Macron n’a pas prévu d’être « plus gentil »

Une fois ces sujets - délicats - passés, l’horizon « plein-emploi » risque de provoquer de nouveaux débats éruptifs. Alors qu’il recevait des chefs d’entreprise à l’Élysée fin novembre, le président de la République a effectivement lâché quelques mots sur sa stratégie pour les mois à venir. Spoiler : il n’est pas question d’être « gentil. »

« Quand j’écoute les grands débats au fond, l’assurance chômage, les retraites, on peut redistribuer, on peut revenir en arrière. Les réformes, on pourrait les mettre sur pause. C’est le moment de savoir comment on va être plus gentils, comment on va engager… », regrettait-il alors, en exhortant au contraire la société à « se réveiller » face à un taux de chômage à 7 %.

« Quiconque pense que le temps est au repos, au mauvais compromis, c’est-à-dire celui qui se fait contre l’énergie de l’État, de la société civile (...) on ne vit pas dans le même monde », assénait-il encore, sous les applaudissements de son auditoire. Message reçu : dans la foulée, plusieurs ministres ont lancé des pistes dans le débat public, sur la limitation de l’accès aux ruptures conventionnelles ou la réduction des droits au chômage pour les séniors.

Autant de pistes pour raboter, à nouveau, les droits des salariés. Et propres, encore, à se heurter à l’opposition des syndicats, de la rue, mais également d’une aile gauche échaudée par une succession de virages présidentiels à droite. Le risque : fracturer pour de bon un bloc qui montre des premières lézardes inquiétantes.

De nouvelles épreuves de force

C’est dans ce contexte périlleux que le chef de l’État va appréhender deux événements de taille en forme de nouvelles épreuves de force. Le premier sera électoral, avec les européennes du mois de juin prochain. Le scrutin va prendre des allures d’élection de mi-mandat pour le président de la République… Et de tour de chauffe pour le Rassemblement national.

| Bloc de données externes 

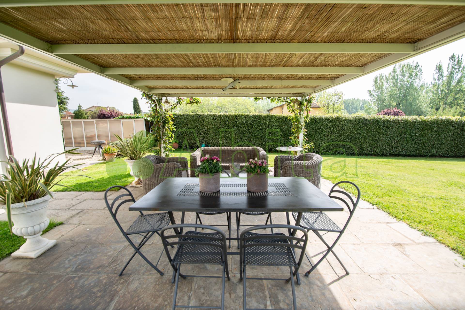 Completano la propriet un grande giardino recintato con doppio accesso carrabile e posti auto coperti.

Le parti d’extrême droite, qui n’a jamais été aussi proche de l’Élysée, caracole en tête des sondages, très loin devant la candidature du bloc présidentiel, laquelle devrait être porté par Stéphane Séjourné. Une débâcle du camp Macron serait de bien mauvais augures trois ans avant la grande élection. Marine Le Pen, elle, pourrait compter sur une formidable rampe de lancement.

Enfin, le locataire de l’Élysée jouera très gros quelques semaines après les Européennes, avec les JO à Paris. L’événement, organisé dans la capitale entre le 26 juillet et le 11 août s’érige en redoutable épreuve pour l’exécutif. Une rare bouffée d’oxygène pour Emmanuel Macron, si les choses se passent bien. Ou un plantage au retentissement international, si les écueils déjà soulevés par Anne Hidalgo, se confirment.

Quel que soit le déroulé, le chef de l’État pourra toutefois finir l’année en beauté avec la réouverture de Notre-Dame promise pour le 8 décembre 2024, cinq ans après l’incendie, comme prévu. Une de ses réussites. Emmanuel Macron pourra ainsi profiter de l’instant pour louer l’esprit de résilience des Français. Et le sien ?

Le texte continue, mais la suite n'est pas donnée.